Not sure if it's relevant, but the variability should be relatively consistent since I'm using an RTOS system.
Problem
After collecting results for b1, I ran the experiment for b2 twice (b2 and b2*) so I could perform 2 separate two-sample-test calculations (b1/b2 and b1/b2*). The first dataset of b2 gave me a result of -3.6 (b1/b2). When I re-ran the test on b2, I re-calculated a two-sample-test score of -2.6 (b1/b2*). I was expecting the result to be more comparable. -2.6 seems like a big difference from -3.6.
Question
What does that tell me? Is the distribution not being captured by 60 samples? Is this test not appropriate here? Is -3.6 not a big difference to -2.6?
I thought the difference between a score of -3.6 and -2.6 is very large so I'm a little confused whether I'm approaching this the right way.
Clarification


*

*When you say a significance of -3.6 and -2.6, are you referring to the t statistic or some other quantities?

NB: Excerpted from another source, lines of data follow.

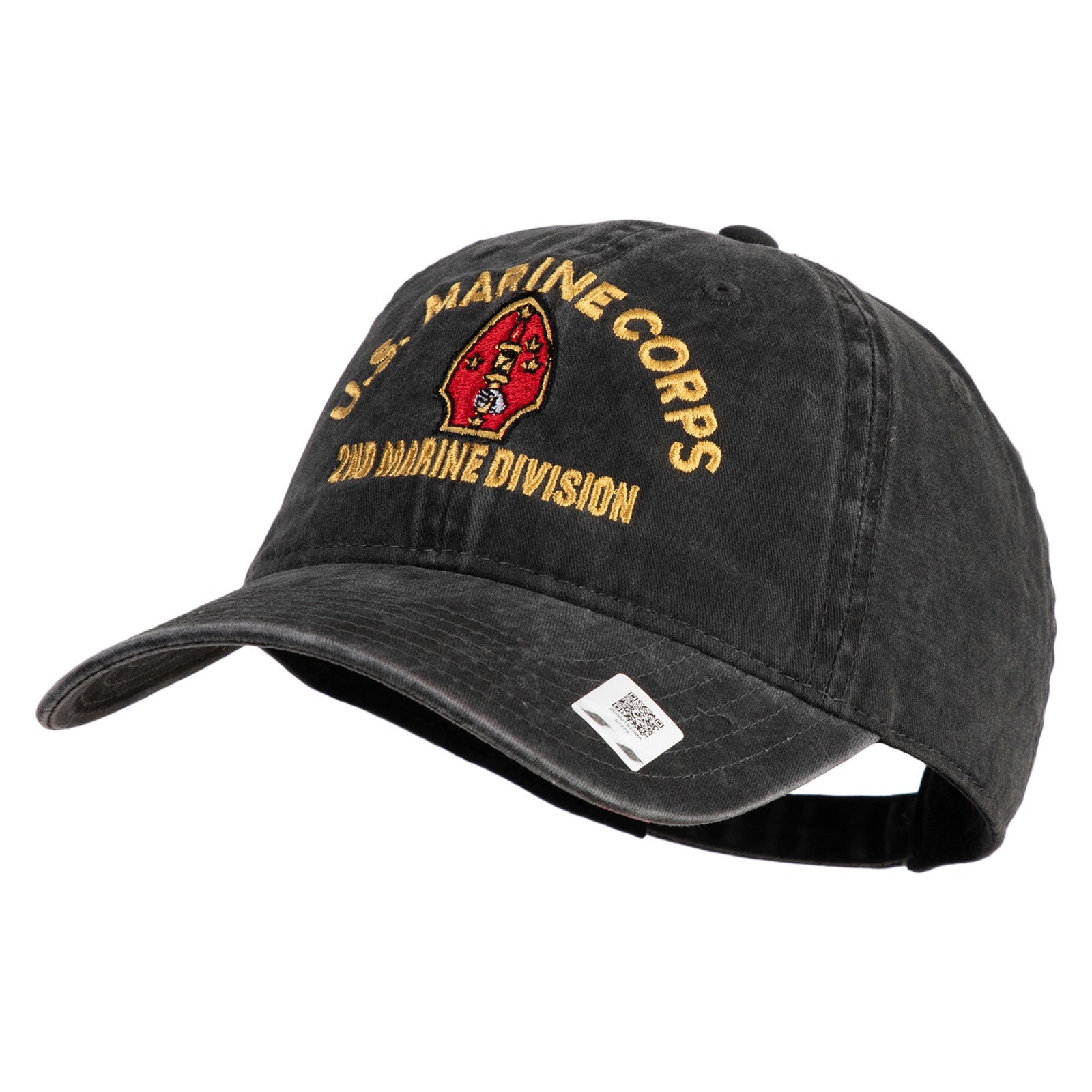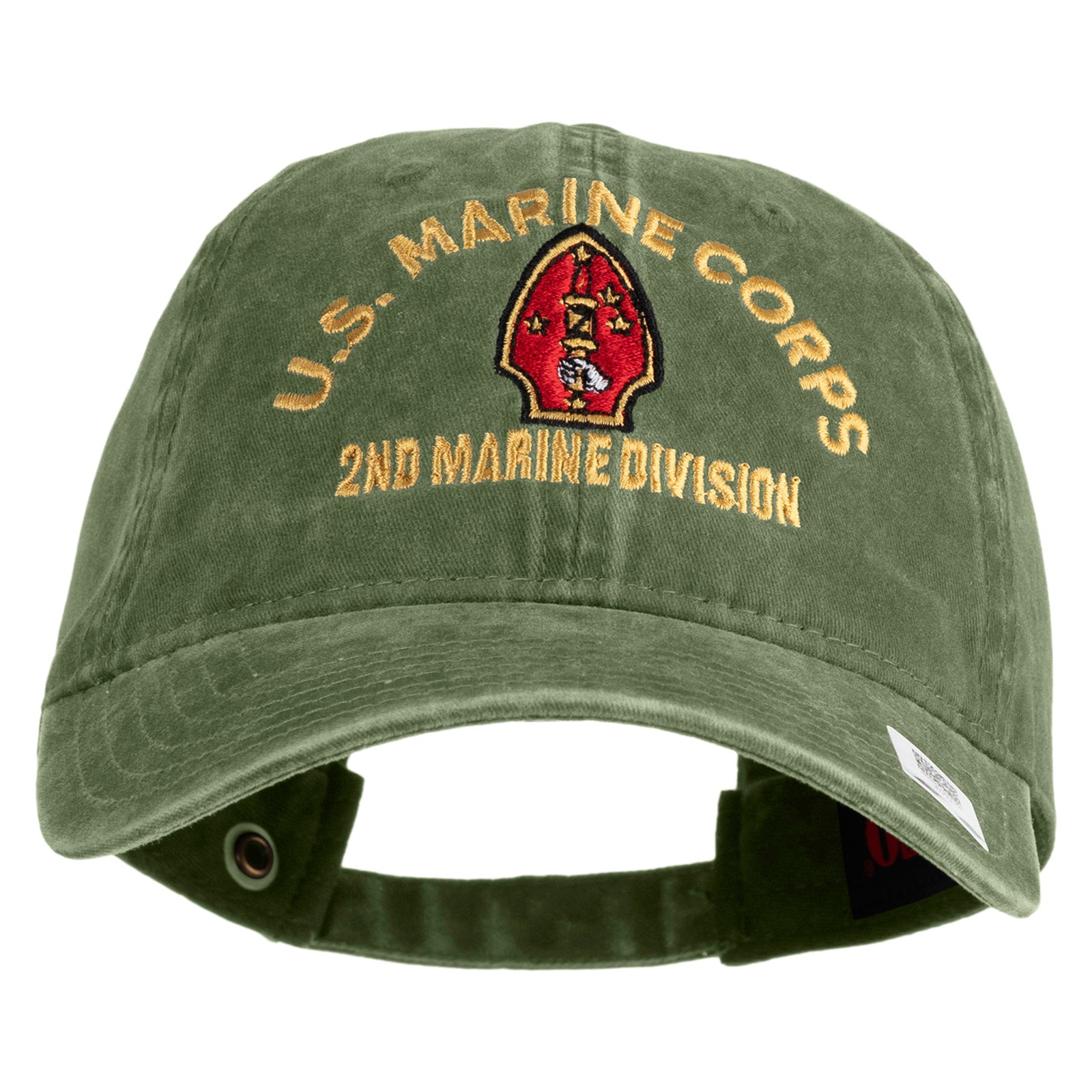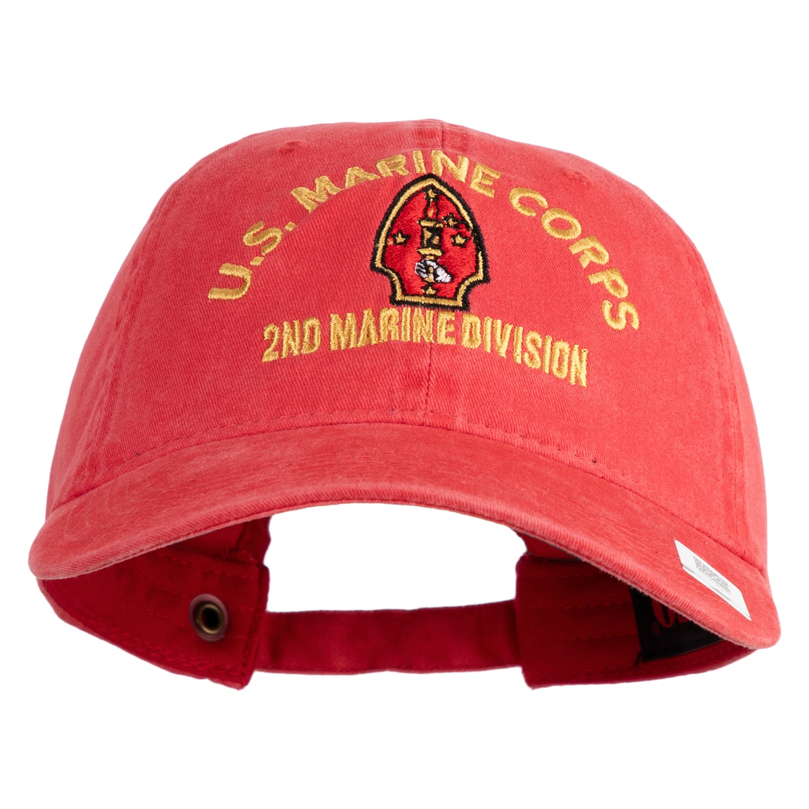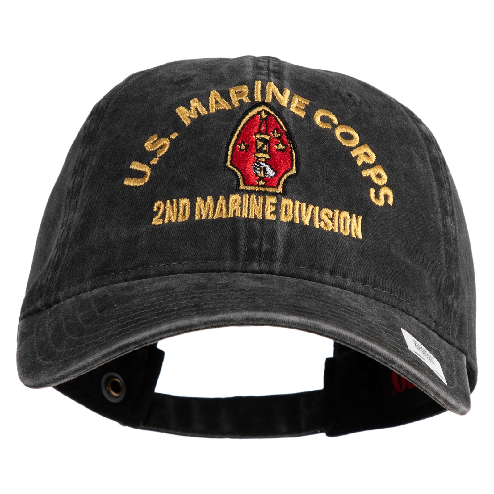 Title, U.S. Marine Corps 2nd Marine Division Embroidered Washed Solid Pigment Dyed Cotton Twill Brass Buckle Cap
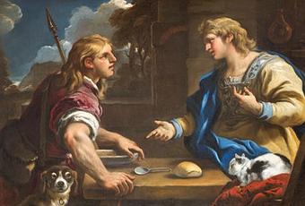 Un día, cuando Jacob estaba preparando un guiso, Esaú llegó agotado del campo y le pidió de comer. Jacob le solicitó a cambio su renuncia a los derechos aparejados a la primogenitura, a lo que Esaú acepto bajo juramento. Es pintura que revela las excelentes dotes de narrador de su autor. La escena se desarrolla en un interior, aunque la figura de Esaú se recorta sobre una ventana que muestra el paisaje del que procede, al tiempo que lo caracteriza como un personaje popular. A ello alude también su musculatura visible en su brazo derecho, situado en el plano más próximo al espectador, así como el perro y la lanza, que muestran su actividad venatoria.
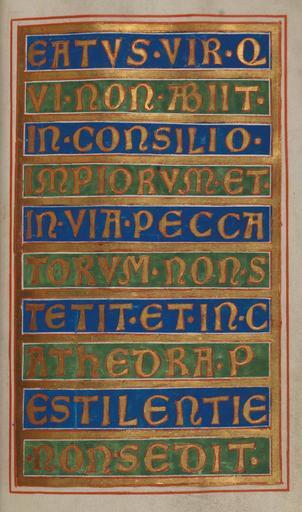 | Keywords: Psalterium Feriatum Cod Don 309 109.jpg Bild aus Psalterium Feriatum Hildesheim bald nach 1235 Württembergische Landesbibliothek Stuttgart Cod Don 309 http //digital wlb-stuttgart de/purl/bsz35289279X after 1235 anonymous PD-old-100 Psalterium Feriatum Cod Don 309 |

I'm referring to the t statistic. The value resulting from this calculation:
$t = \frac{\bar{X_1} - \bar{X_2}}{\sqrt{\frac{s_1^2}{n_1} + \frac{s_2^2}{n_2}}}$



*When you say you rerun the test, do you collect 60 extra latency time samples from your current build to compare with that of the previous build, or did you do something else?


In my procedure (edited) I repeated steps 2-5 but I did not use the old measurements obtained in step 2 from the previous test. The reason I did this was to see if my results would be consistent. I wanted to validate my approach.

I am confused by this question, because it seems to ask why you got two different results with two different datasets: surely that requires no explanation. How, then, am I misreading or misinterpreting it?

I believe I am taking two samples from the same distribution (for build b2) and that the results I get between them should be very comparable since I'm taking a sample size of 60. It seems to me that getting a result of -2.6 is significantly different than a score of -3.6 which correspond to confidence levels of (0.0046 and 0.00016 respectively). Isn't that an order of magnitude difference in confidence? Shouldn't I get repeatable results by re-running the test?
 A: The t-statistic for each repetition of the test under Build b2 ought to follow, approximately, a non-central t-distribution with a little less than $2\times(60-1)=118$ degrees of freedom (you suggest the variances should be roughly equal); & this will be well approximated by a Gaussian distribution with unit variance. So if the non-centrality parameters are equal, their difference ought to follow, again approximately, a Gaussian distribution with zero mean and a variance of two, & the magnitude of the difference will be greater than one (the difference you observed) with a probability of nearly one half. There's nothing surprising about your results (though it'd still be sensible to look at plots of the latency times).
Your intuition is perhaps at fault; you write:—

I believe I am taking two samples from the same distribution (for
build b2) and that the results I get between them should be very
comparable since I'm taking a sample size of 60.

The results—the differences in sample means from the sample mean for Build b1—ought indeed to be comparable if the Build b2 samples are from the same distribution, & will tend to get closer together should you increase the sample size (the variances of the sample means decrease); the t-statistics, on the other hand, are already scaled by estimates of the variances of the sample means, so won't tend to get closer together.

If it's a concern that conditions might vary between batches of latency measurements (different times of day, interference from other running processes, &c.) consider a mixed-model.
Assessment of whether your sample sizes provide powerful-enough tests or narrow-enough confidence intervals is the domain of power-analysis.